The economic crisis has hit young people particularly hard and more young people face increasing difficulties in setting their foothold into the labour market. Against this context, there is a broad consensus today among policy-makers, social partners and experts that apprenticeships can be an efficient solution to some of the present labour market imbalances and benefit both learners and employers.

By combining study and work, apprenticeships and work-based learning (WBL) can offer them an opportunity to acquire work experience while enhancing skills in close alignment with employer requirements. Because of their inherent relevance for the labour market, apprenticeships and work-based learning can help to reduce skills mismatch and ease transition from education to work.

Promoting alternate learning and work has been one of the key policy tools of the European policy agenda for youth employment from the Bruges Communiqué (7 December 2010) through the Council recommendation on establishing a Youth guarantee (22 April 2013) to the Council Declaration on the European Alliance for Apprenticeships (15 October 2013).

Cedefop supports the European alliance for apprenticeships (EAfA) through a range of complementary activities aimed at assessing the potential of apprenticeship and work-based learning (WBL) in different contexts. It supports Member States, social partners and other vocational education and training (VET) stakeholders in developing quality apprenticeships.

The Thematic focus on Apprenticeships and work-based learning structured programmes complements the information provided in VET in Europe country reports and through VET policy reporting. It offers detailed information for comparative analyses and helps understanding the specific features of apprenticeships and WBL programmes in each Member State, Iceland and Norway, in relation to policy challenges identified at the EU level, such as:

  • support for companies, in particular SMEs, offering company placements;
  • programme attractiveness and career guidance;
  • national governance, regulatory framework and social partners’ involvement; and
  • quality assurance.

It also identifies the main strengths and weaknesses of these schemes/programmes in each country.

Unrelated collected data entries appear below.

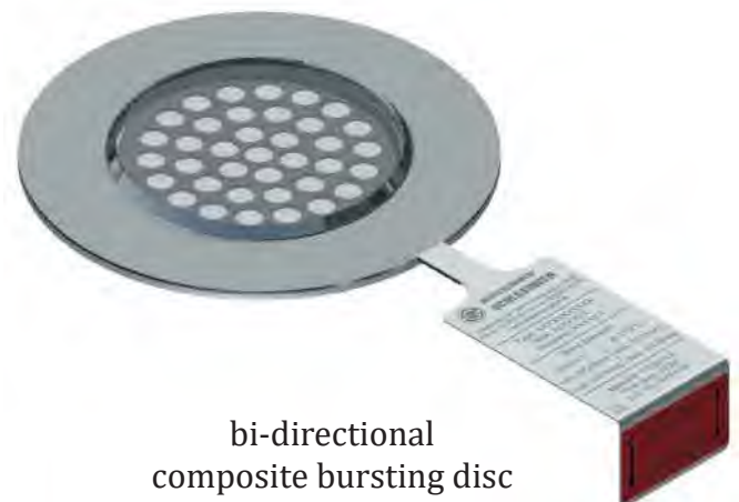
bi-directional composite bursting disc
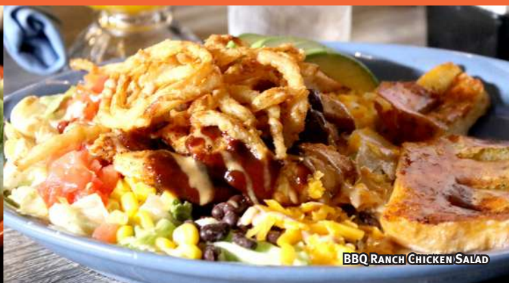
BBQ RANCH CHICKEN SALAD
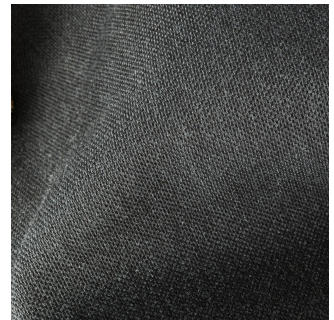
VICTOR NOIR 10 Noir 10 / Woven patterns (Jacquard)
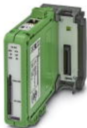
Head station for basic system functionality, no monitoring of PROFIBUS networks

Please be informed that the data shown in this PDF Document is generated from our Online Catalog. Please find the complete data in the user's documentation. Our General Terms of Use for Downloads are valid ( http://phoenixcontact.com/download )

Prepared in cooperation with ReferNet partners, this Thematic focus feeds into Cedefop’s activities relating to apprenticeships, in particular its support to the European Alliance for apprenticeships (EAfA). It has informed Cedefop’s expert input to the ET 2020 thematic working group on VET, which focuses on apprenticeships and WBL. It has also provided information for Thematic country reviews on apprenticeships piloted by Cedefop in Malta and Lithuania in 2014/15. Such Apprenticeships reviews, carried out in cooperation with volunteer countries (2015/16: Greece, Italy and Slovenia), will gradually expand the knowledge on apprenticeship across Europe.